#### Directions for this task:
Using the listing below, set down exactly the lines starting at the line that contains "由於屋主兒子未足一歲,兒童房" and ending at the line that contains "GSS Designs Sea", both included, and no others.

#### Listed entries:
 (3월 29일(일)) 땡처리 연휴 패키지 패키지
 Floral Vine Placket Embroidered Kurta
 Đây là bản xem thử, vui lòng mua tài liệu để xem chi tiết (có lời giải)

...

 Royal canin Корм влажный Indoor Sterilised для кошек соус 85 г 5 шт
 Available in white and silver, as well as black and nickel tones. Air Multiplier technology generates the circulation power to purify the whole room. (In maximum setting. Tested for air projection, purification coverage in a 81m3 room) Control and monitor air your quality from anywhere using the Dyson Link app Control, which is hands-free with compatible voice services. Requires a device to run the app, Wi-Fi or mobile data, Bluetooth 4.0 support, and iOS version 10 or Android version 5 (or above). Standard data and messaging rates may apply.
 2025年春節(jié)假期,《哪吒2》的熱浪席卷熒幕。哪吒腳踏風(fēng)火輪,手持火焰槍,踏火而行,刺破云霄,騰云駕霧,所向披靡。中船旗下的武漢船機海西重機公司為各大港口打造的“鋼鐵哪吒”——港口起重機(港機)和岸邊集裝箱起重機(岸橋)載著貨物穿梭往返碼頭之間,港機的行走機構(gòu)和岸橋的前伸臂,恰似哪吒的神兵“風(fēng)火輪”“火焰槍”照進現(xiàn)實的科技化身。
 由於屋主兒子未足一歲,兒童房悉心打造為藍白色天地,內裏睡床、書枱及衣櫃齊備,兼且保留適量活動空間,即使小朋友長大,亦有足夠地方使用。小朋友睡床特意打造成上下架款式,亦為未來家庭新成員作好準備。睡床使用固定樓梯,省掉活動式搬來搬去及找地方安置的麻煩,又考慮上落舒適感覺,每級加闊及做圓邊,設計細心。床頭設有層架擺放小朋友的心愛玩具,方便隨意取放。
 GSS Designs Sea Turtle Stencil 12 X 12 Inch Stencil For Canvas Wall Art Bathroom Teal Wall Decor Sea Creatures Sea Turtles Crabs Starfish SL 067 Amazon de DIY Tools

#### Answer to this task:
 由於屋主兒子未足一歲,兒童房悉心打造為藍白色天地,內裏睡床、書枱及衣櫃齊備,兼且保留適量活動空間,即使小朋友長大,亦有足夠地方使用。小朋友睡床特意打造成上下架款式,亦為未來家庭新成員作好準備。睡床使用固定樓梯,省掉活動式搬來搬去及找地方安置的麻煩,又考慮上落舒適感覺,每級加闊及做圓邊,設計細心。床頭設有層架擺放小朋友的心愛玩具,方便隨意取放。
 GSS Designs Sea Turtle Stencil 12 X 12 Inch Stencil For Canvas Wall Art Bathroom Teal Wall Decor Sea Creatures Sea Turtles Crabs Starfish SL 067 Amazon de DIY Tools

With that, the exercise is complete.